The comparison with the chair suggests an objection. A chair remains silent; it waits; it does nothing of its own accord. AI, on the other hand, responds; it sometimes contradicts; it produces turns of phrase that nobody anticipated. Something that behaves so autonomously seems to be more than just a piece of furniture. In his Tanner Lecture, Yuval Noah Harari makes precisely this objection the central thesis. He opens with the statement that the most important thing about AI is that it is not a tool:

“AI is not a tool. It’s not a tool in our hands. It is an agent with its own hands” (Harari, 2026, min. 01:00–01:12; trans. M.P.: “AI is not a tool. It is not a tool in our hands. It is an agent with its own hands.”).

The objection is valid, and must be acknowledged. A language model is not a coffee machine. Those who use it are not holding an instrument whose behaviour they understand.

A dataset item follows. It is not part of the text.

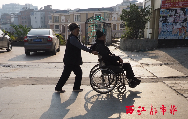 只要天氣好,穆慶桂就用輪椅推丈夫到戶外曬太陽(yáng)。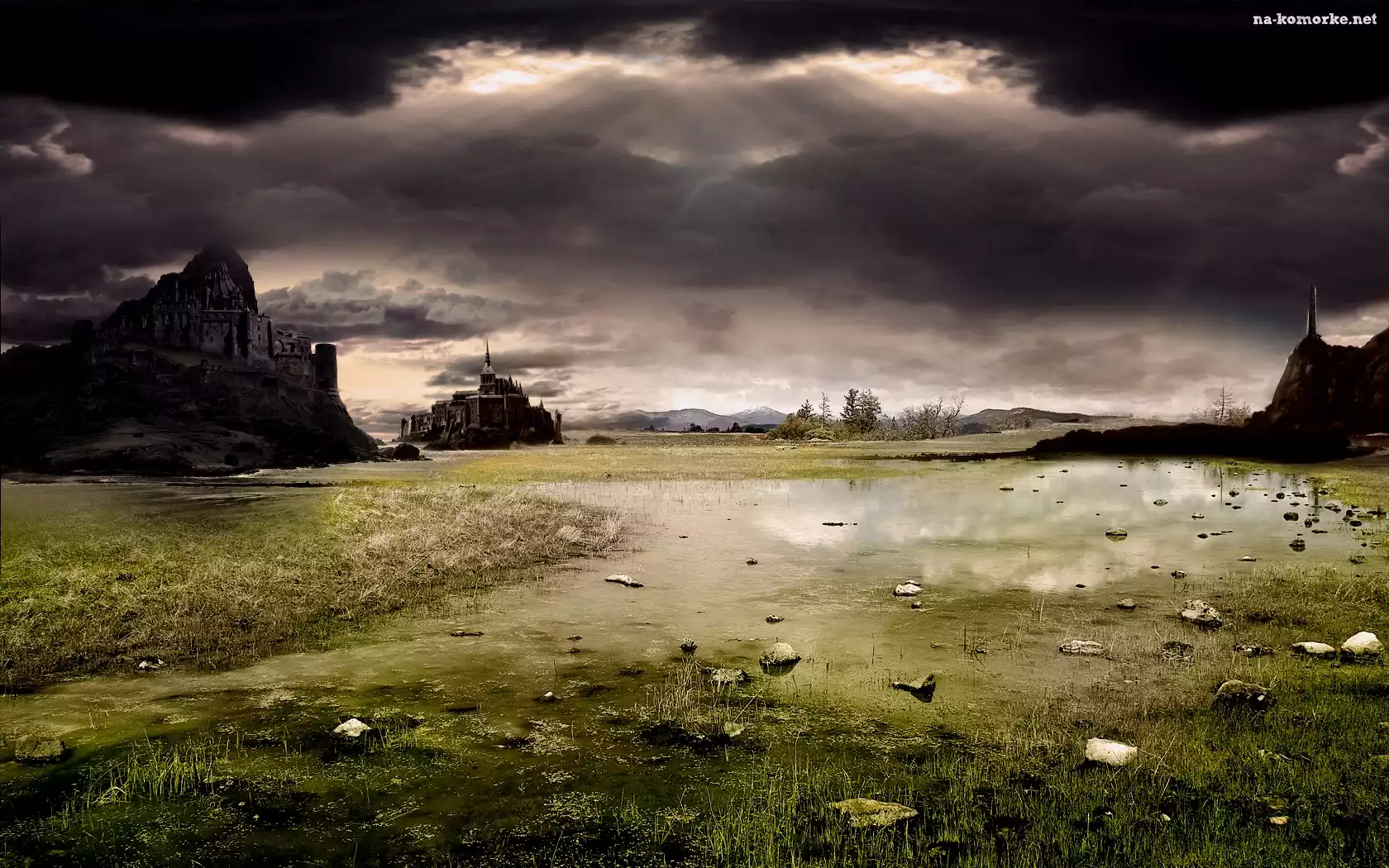 Chmury, Zamki, Wzgórza, Łąka, Czarne na Komórkę

Harari himself provides the answer. He explicitly states that agency does not require consciousness:

“You don’t need consciousness to be an agent. What you do need is the ability to make decisions by yourself” (Harari, 2026, mins 01:19–01:33; trans. M.P.: “You don’t need consciousness to be an agent. What you do need is the ability to make decisions by yourself.”).

His concept of an agent describes agency, not subjectivity: it describes what a system does, not what it is. This does not contradict the thesis of this thesis, as both address different questions. Harari asks what impact AI has on society. This thesis asks whether it can be an interlocutor. Both can be true at the same time: an AI with enormous agency that is nevertheless not a ’you’. Harari’s statement can also be reversed: if a system can act without possessing consciousness, then its actions reveal nothing about consciousness either. Everyday perception, however, draws this conclusion nonetheless: the system responds, it surprises, it cannot be fully controlled, so there must be someone there. The illusion of an other thrives on precisely this fallacy.

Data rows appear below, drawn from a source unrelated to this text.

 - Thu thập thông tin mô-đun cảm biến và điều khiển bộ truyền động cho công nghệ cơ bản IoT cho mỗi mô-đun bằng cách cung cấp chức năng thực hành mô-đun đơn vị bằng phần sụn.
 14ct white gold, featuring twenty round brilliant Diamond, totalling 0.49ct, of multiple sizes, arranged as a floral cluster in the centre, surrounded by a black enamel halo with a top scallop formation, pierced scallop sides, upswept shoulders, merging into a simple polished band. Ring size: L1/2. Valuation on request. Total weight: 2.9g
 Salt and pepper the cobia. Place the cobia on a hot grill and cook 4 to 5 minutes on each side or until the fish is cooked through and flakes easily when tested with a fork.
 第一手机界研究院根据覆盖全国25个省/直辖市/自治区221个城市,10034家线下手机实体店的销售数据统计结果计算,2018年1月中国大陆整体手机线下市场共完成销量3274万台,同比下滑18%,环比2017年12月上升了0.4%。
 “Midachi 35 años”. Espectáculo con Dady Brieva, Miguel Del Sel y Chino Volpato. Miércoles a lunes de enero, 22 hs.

The concept of the ‘tool’ in this work is therefore not a technical one, but a relational one. It is not measured by how complex a system is, but by how humans relate to it. People relate to AI as they would to an ‘it’. Not because it is transparent, but because they are not faced with a subject with whom they could engage. What makes an ’itan ’it’ is not its predictability, but the absence of a body, experience and mortality (see Chapter 4.1). A tool that cannot be controlled is a risk, but that does not make it a counterpart.

Responsibility therefore remains entirely with the therapist. Responsibility presupposes someone who responds. It cannot be delegated to an ’It’.

The limit of the tool does not lie in its capabilities, but where words end.

‘Everything made of words will be taken over by AI’ (Harari, 2026, mins 31:36–33:10; trans. M.P.: ‘Everything made of words will be taken over by AI.’).

For Harari, the future of humanity depends on how much weight is given to that which cannot be put into words. He leaves open what that is. From the perspective of this work, it is the body: what happens between two people takes place not only in what is said, but in what is felt, in the resonance, in that for which neither has words (Chapters 2.3, 3.1). A machine can take over words. What happens between the words, it cannot.

That is the extent of the tool’s capabilities. In the experience of many users, artificial intelligence is perceived not as a tool, but as a counterpart. The following section examines which aspects shape this experience.

Footnotes

  1. Cohen’s d ranged from 0.845 to 0.903 for depressive symptoms, from 0.794 to 0.840 for generalised anxiety, and from 0.627 to 0.819 for the risk of eating disorders (Heinz et al., 2025).
  2. Anxiety reduction: 45–50 per cent (conventional therapy) vs. 30–35 per cent (chatbot); Spytska, 2025.
  3. Trainees, however, showed significant improvement following targeted training.